| Exercise objective |
Output the listing verbatim, leaving out every picture.

| Dataset section |
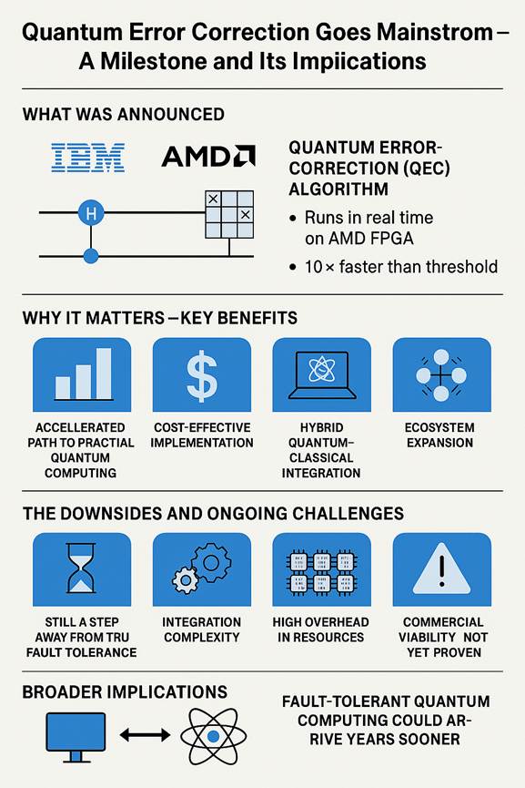 In summary, IBM’s announcement that a quantum error-correction algorithm runs in real-time on a commercially accessible AMD FPGA chip represents a significant leap forward in making quantum computing more practical. The benefits are clear: improved scalability, lower hardware barriers, and accelerated timelines. The downsides and caveats remain: we are not yet at fully fault-tolerant quantum computers, integration and engineering challenges persist, and commercial readiness is still unfolding.
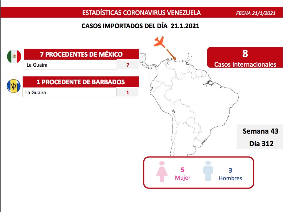 Además, se agregaron 8 casos «importados», es decir, personas que ingresaron al país, en este caso provenientes de México y Barbados.
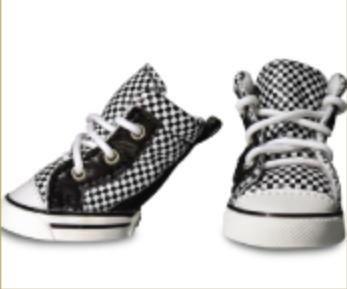 Sneakers for dogs, made out of fleece-lined checkered print, provides protection in harsh weather, dogs paws will not scratch hard wood floors.

| Result below |
 In summary, IBM’s announcement that a quantum error-correction algorithm runs in real-time on a commercially accessible AMD FPGA chip represents a significant leap forward in making quantum computing more practical. The benefits are clear: improved scalability, lower hardware barriers, and accelerated timelines. The downsides and caveats remain: we are not yet at fully fault-tolerant quantum computers, integration and engineering challenges persist, and commercial readiness is still unfolding.
 Además, se agregaron 8 casos «importados», es decir, personas que ingresaron al país, en este caso provenientes de México y Barbados.
 Sneakers for dogs, made out of fleece-lined checkered print, provides protection in harsh weather, dogs paws will not scratch hard wood floors.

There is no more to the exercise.